Work order
Return the listing exactly. Keep no pictures.

Dataset extract
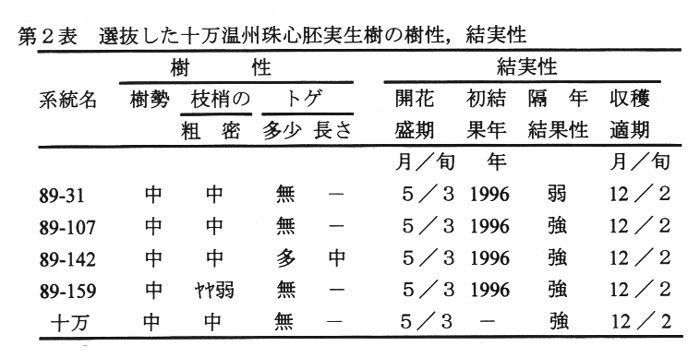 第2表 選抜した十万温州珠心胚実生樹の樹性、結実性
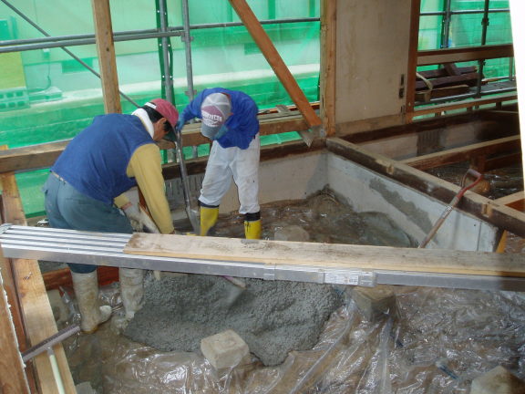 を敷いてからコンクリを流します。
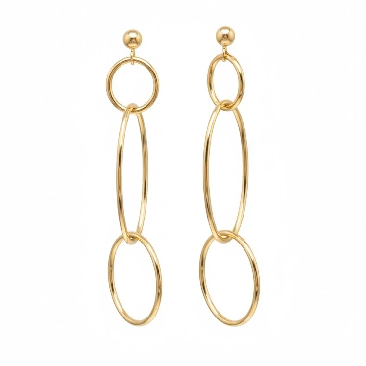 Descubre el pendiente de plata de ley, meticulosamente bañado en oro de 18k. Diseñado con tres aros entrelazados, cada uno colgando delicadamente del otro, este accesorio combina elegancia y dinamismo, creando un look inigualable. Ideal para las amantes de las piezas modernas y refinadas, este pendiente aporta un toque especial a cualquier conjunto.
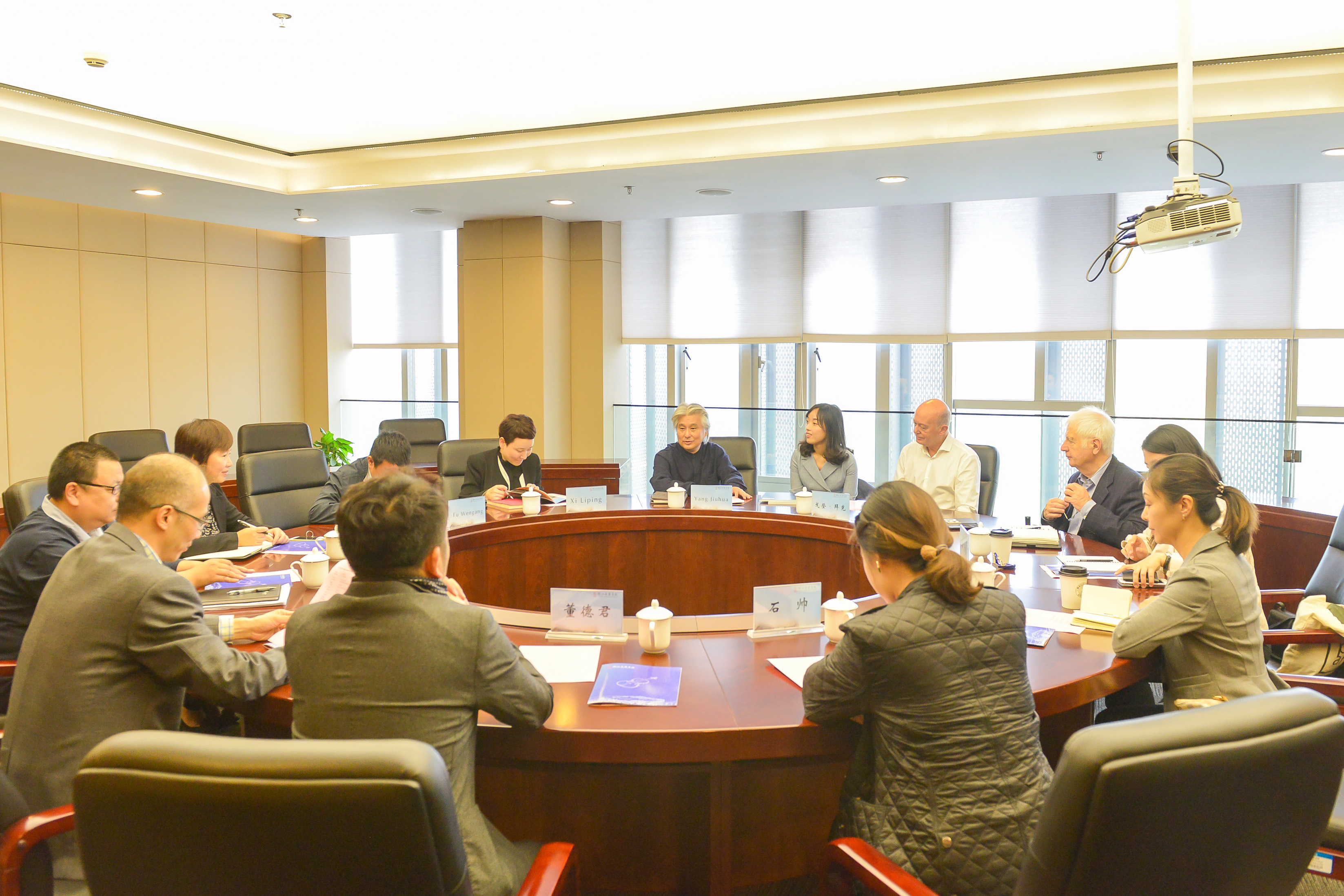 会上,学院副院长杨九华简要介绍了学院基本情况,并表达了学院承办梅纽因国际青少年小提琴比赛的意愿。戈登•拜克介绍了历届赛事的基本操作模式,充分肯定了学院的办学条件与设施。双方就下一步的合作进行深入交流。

Answer
 第2表 選抜した十万温州珠心胚実生樹の樹性、結実性
 を敷いてからコンクリを流します。
 Descubre el pendiente de plata de ley, meticulosamente bañado en oro de 18k. Diseñado con tres aros entrelazados, cada uno colgando delicadamente del otro, este accesorio combina elegancia y dinamismo, creando un look inigualable. Ideal para las amantes de las piezas modernas y refinadas, este pendiente aporta un toque especial a cualquier conjunto.
 会上,学院副院长杨九华简要介绍了学院基本情况,并表达了学院承办梅纽因国际青少年小提琴比赛的意愿。戈登•拜克介绍了历届赛事的基本操作模式,充分肯定了学院的办学条件与设施。双方就下一步的合作进行深入交流。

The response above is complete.